## Record extracts

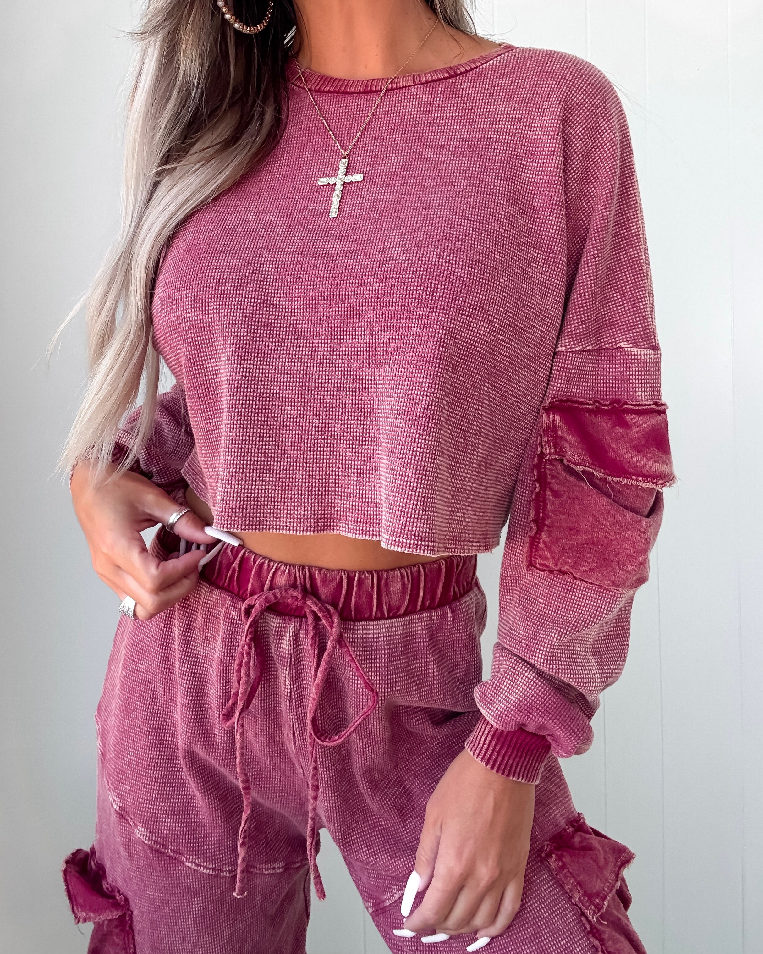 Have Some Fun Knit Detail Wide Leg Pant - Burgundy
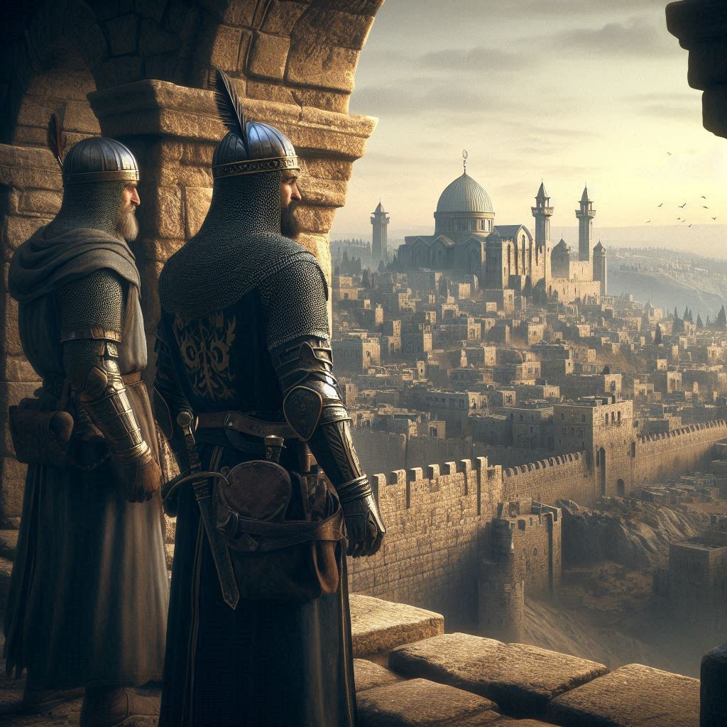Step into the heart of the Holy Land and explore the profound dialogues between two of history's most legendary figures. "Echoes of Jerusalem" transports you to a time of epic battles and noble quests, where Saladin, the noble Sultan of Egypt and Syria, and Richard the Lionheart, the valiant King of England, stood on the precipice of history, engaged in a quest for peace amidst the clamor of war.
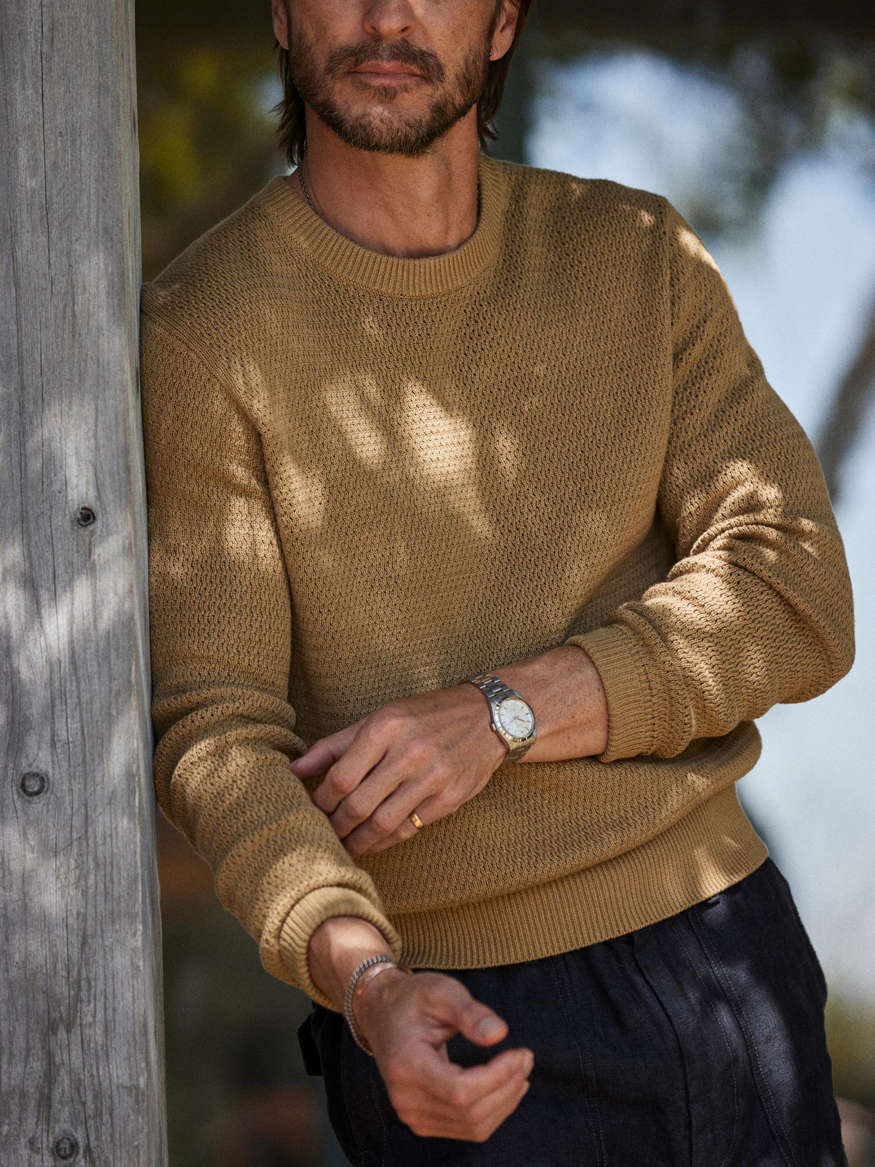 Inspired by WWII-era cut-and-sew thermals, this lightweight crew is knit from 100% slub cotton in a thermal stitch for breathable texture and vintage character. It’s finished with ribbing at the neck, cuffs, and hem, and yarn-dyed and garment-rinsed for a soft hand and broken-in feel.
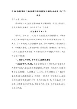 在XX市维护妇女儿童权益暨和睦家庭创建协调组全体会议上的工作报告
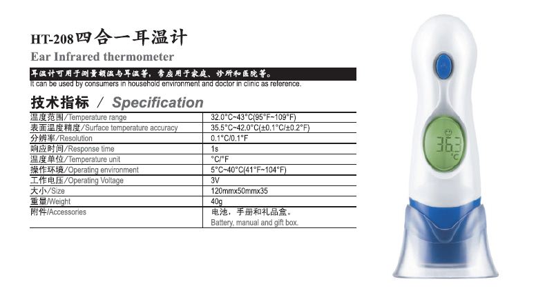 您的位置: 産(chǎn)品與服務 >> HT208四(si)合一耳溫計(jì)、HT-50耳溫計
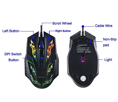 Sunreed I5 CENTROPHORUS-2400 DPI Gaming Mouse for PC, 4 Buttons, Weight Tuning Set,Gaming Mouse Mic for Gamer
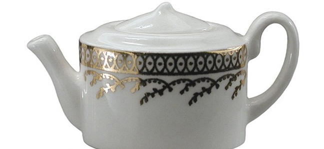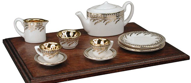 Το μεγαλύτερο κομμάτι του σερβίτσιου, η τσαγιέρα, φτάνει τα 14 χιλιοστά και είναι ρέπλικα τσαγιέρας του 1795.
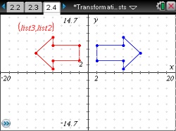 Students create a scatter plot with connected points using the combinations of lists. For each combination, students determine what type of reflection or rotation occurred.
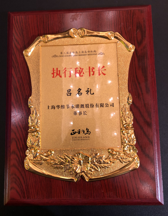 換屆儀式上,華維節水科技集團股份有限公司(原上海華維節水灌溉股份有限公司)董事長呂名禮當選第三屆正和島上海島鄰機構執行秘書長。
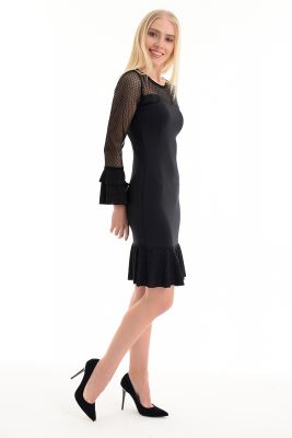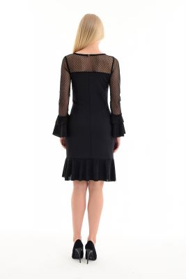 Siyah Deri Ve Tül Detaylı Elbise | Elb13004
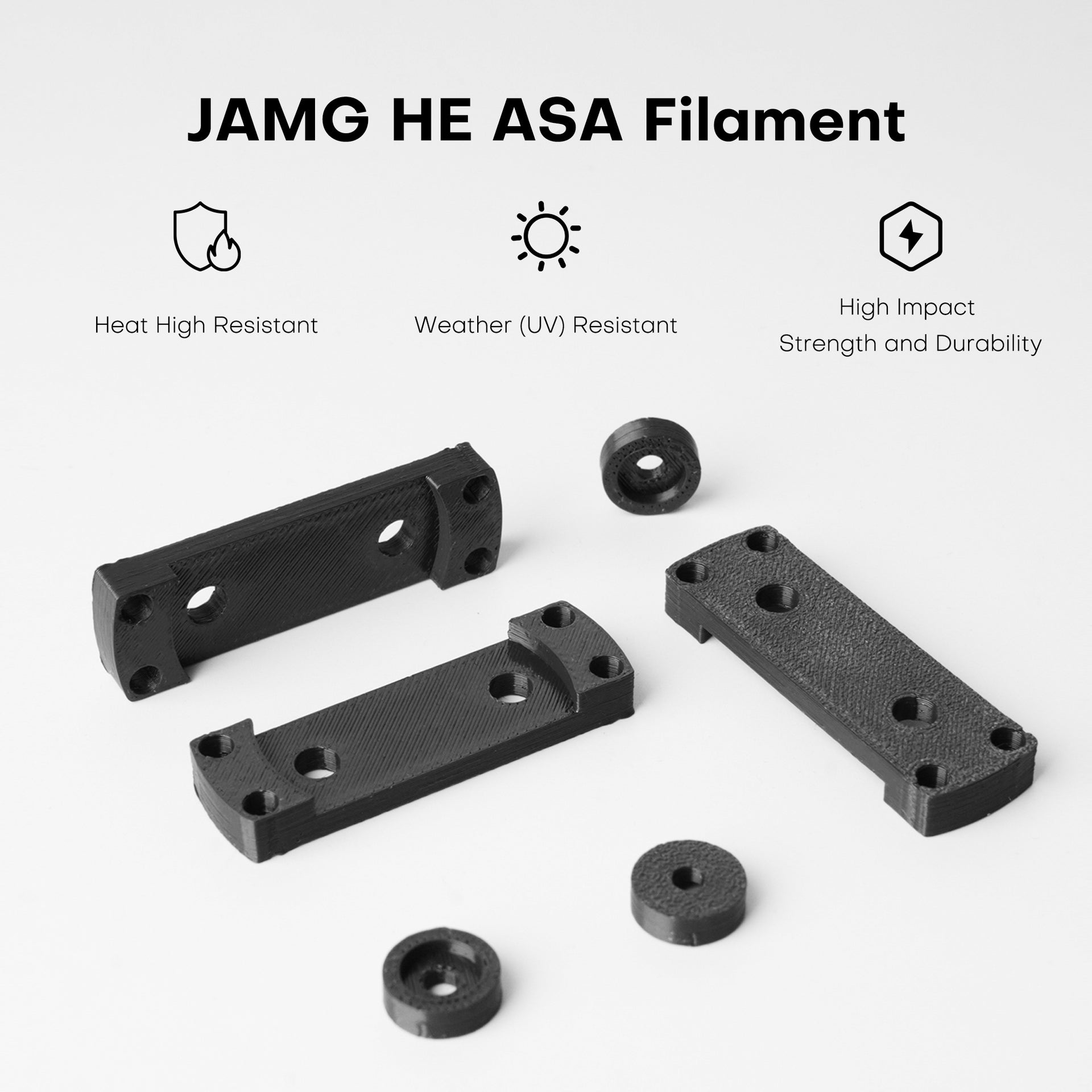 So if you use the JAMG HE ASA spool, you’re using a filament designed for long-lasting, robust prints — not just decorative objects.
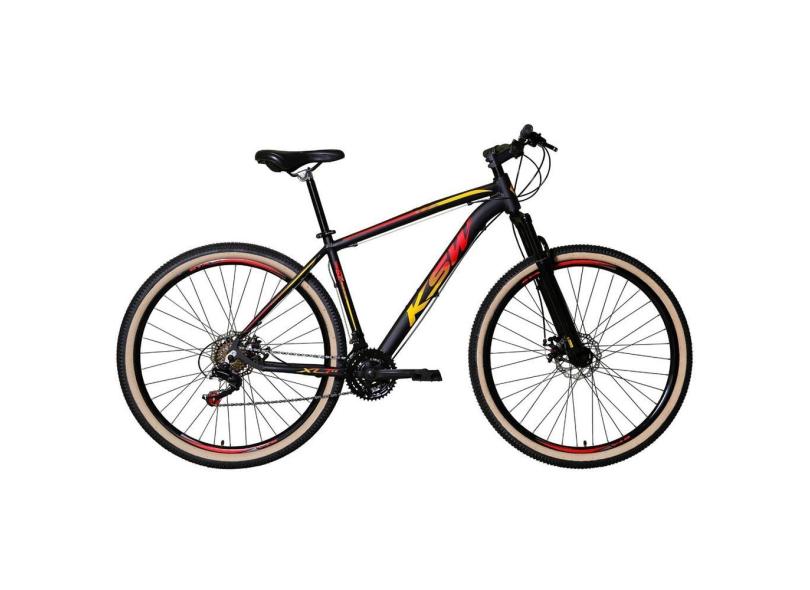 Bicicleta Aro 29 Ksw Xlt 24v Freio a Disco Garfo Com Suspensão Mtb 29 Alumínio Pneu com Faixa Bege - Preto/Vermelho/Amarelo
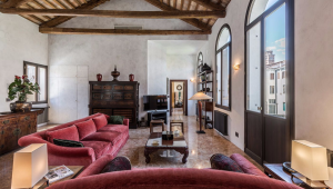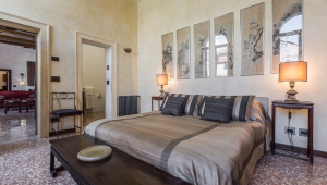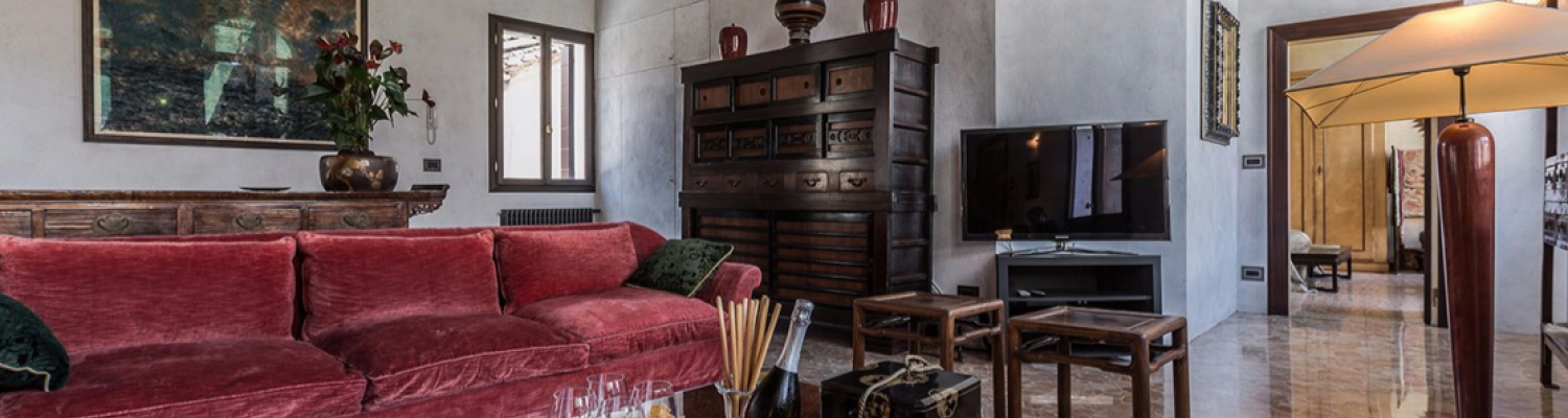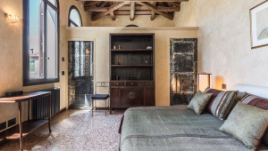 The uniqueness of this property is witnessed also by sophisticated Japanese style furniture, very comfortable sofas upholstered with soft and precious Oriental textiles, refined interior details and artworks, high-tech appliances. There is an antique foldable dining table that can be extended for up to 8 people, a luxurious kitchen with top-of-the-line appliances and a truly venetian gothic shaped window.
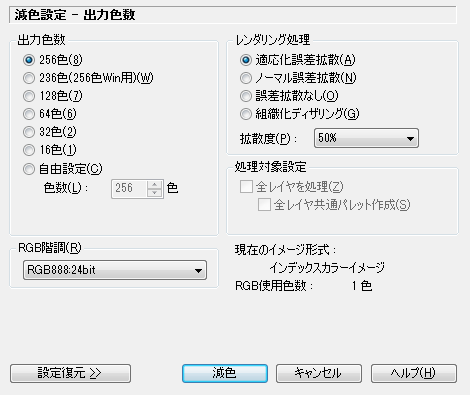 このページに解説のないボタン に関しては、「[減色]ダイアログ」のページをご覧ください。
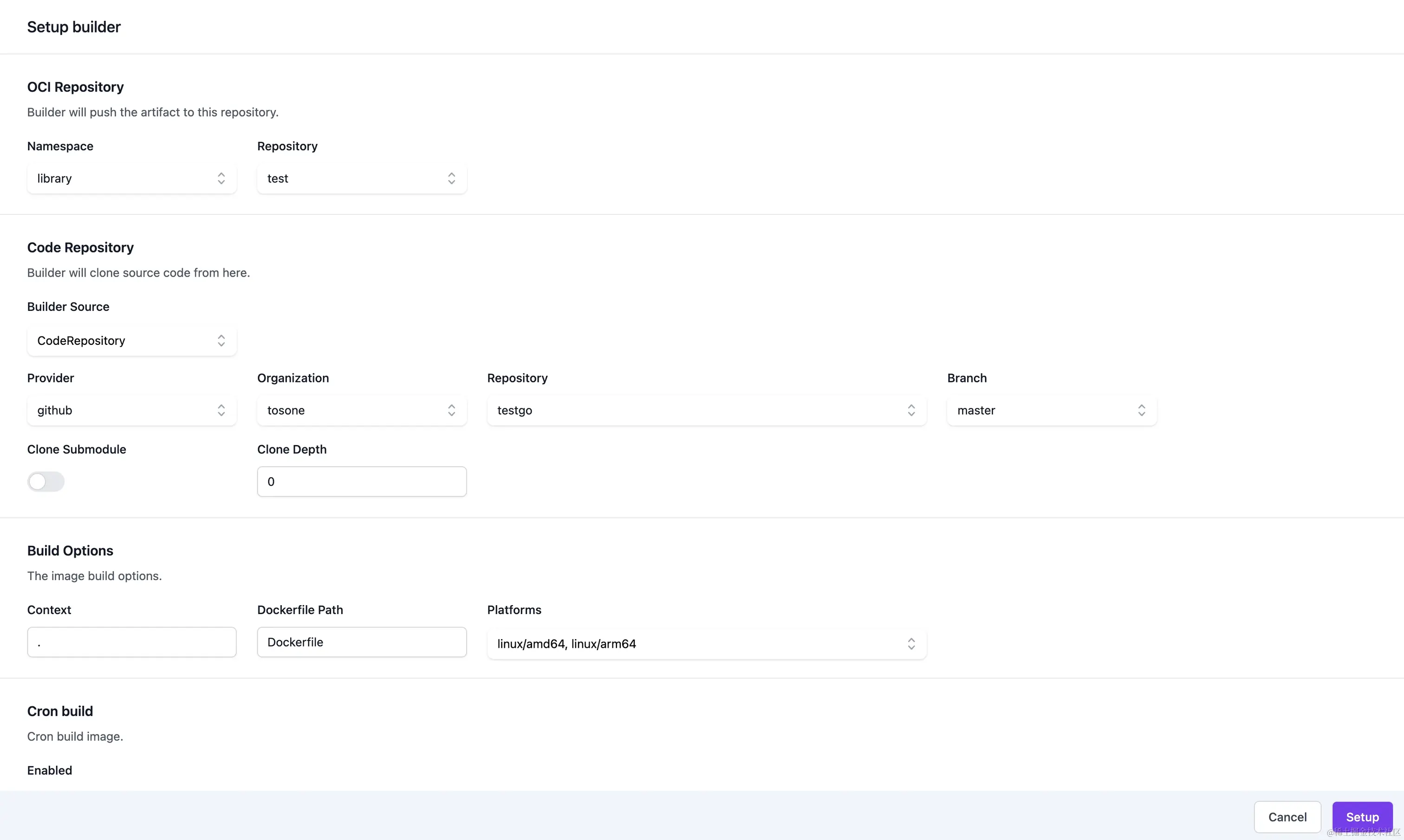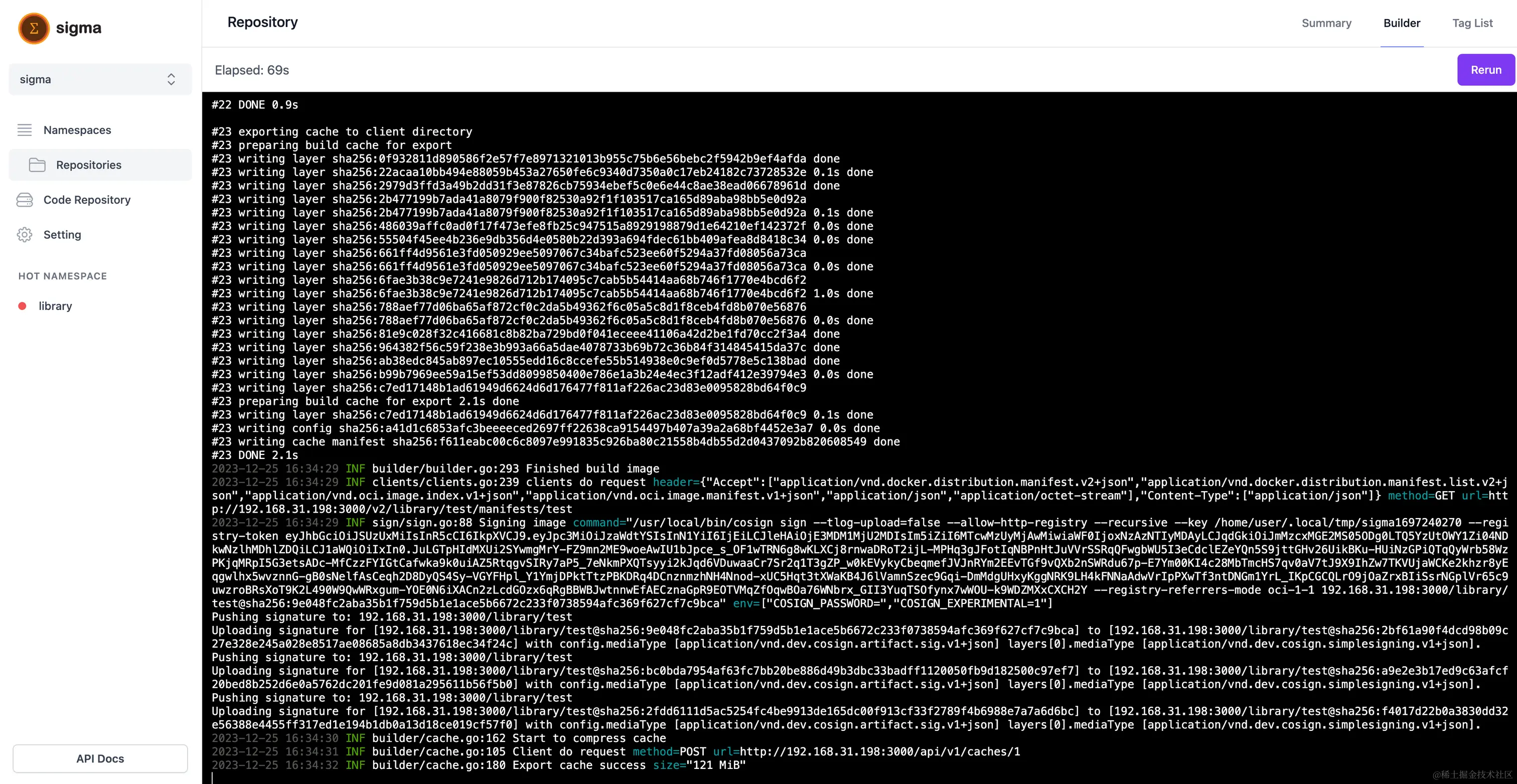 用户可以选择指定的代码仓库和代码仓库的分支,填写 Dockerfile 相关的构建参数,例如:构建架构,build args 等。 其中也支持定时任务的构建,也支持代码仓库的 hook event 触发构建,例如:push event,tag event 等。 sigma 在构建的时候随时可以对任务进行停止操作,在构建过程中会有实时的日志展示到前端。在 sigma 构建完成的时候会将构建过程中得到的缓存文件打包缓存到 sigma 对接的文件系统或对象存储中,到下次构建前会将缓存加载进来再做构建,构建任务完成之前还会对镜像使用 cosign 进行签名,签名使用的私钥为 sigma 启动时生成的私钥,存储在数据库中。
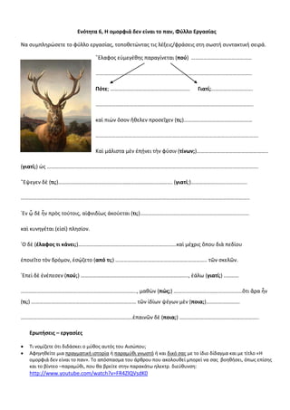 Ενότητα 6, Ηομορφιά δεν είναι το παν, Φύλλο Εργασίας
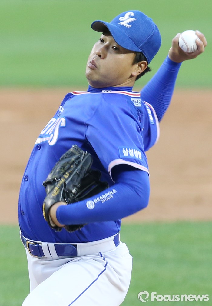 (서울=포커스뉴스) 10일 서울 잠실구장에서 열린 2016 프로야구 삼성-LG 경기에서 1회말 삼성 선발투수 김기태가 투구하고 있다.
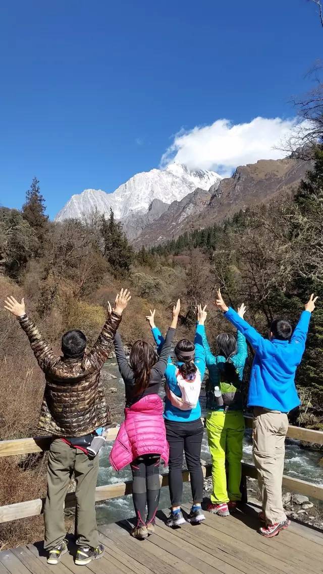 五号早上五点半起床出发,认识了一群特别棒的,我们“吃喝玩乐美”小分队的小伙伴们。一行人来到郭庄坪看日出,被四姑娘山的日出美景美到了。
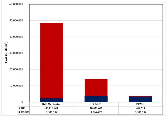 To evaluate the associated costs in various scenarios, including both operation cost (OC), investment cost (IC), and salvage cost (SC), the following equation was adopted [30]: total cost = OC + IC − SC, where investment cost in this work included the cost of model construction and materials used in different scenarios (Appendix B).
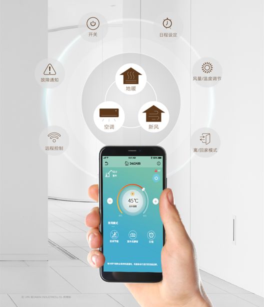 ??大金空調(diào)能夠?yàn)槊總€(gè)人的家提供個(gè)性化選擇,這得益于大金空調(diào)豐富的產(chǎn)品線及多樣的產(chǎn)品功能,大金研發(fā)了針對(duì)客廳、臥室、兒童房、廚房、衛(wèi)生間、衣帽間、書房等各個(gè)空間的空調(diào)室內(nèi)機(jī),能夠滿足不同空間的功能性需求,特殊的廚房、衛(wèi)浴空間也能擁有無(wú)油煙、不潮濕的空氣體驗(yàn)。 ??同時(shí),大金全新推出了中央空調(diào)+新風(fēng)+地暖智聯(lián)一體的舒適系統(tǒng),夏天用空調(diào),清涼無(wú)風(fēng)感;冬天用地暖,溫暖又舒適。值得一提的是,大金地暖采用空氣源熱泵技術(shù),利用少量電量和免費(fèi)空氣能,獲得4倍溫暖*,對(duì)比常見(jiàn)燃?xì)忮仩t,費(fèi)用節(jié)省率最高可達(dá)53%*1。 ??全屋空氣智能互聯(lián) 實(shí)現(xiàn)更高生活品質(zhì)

## Problem to work on
Output the line containing "To evaluate the" and each line after it, through the end of the material, exactly as given. No pictures belong in the output.

## Response area
 To evaluate the associated costs in various scenarios, including both operation cost (OC), investment cost (IC), and salvage cost (SC), the following equation was adopted [30]: total cost = OC + IC − SC, where investment cost in this work included the cost of model construction and materials used in different scenarios (Appendix B).
 ??大金空調(diào)能夠?yàn)槊總€(gè)人的家提供個(gè)性化選擇,這得益于大金空調(diào)豐富的產(chǎn)品線及多樣的產(chǎn)品功能,大金研發(fā)了針對(duì)客廳、臥室、兒童房、廚房、衛(wèi)生間、衣帽間、書房等各個(gè)空間的空調(diào)室內(nèi)機(jī),能夠滿足不同空間的功能性需求,特殊的廚房、衛(wèi)浴空間也能擁有無(wú)油煙、不潮濕的空氣體驗(yàn)。 ??同時(shí),大金全新推出了中央空調(diào)+新風(fēng)+地暖智聯(lián)一體的舒適系統(tǒng),夏天用空調(diào),清涼無(wú)風(fēng)感;冬天用地暖,溫暖又舒適。值得一提的是,大金地暖采用空氣源熱泵技術(shù),利用少量電量和免費(fèi)空氣能,獲得4倍溫暖*,對(duì)比常見(jiàn)燃?xì)忮仩t,費(fèi)用節(jié)省率最高可達(dá)53%*1。 ??全屋空氣智能互聯(lián) 實(shí)現(xiàn)更高生活品質(zhì)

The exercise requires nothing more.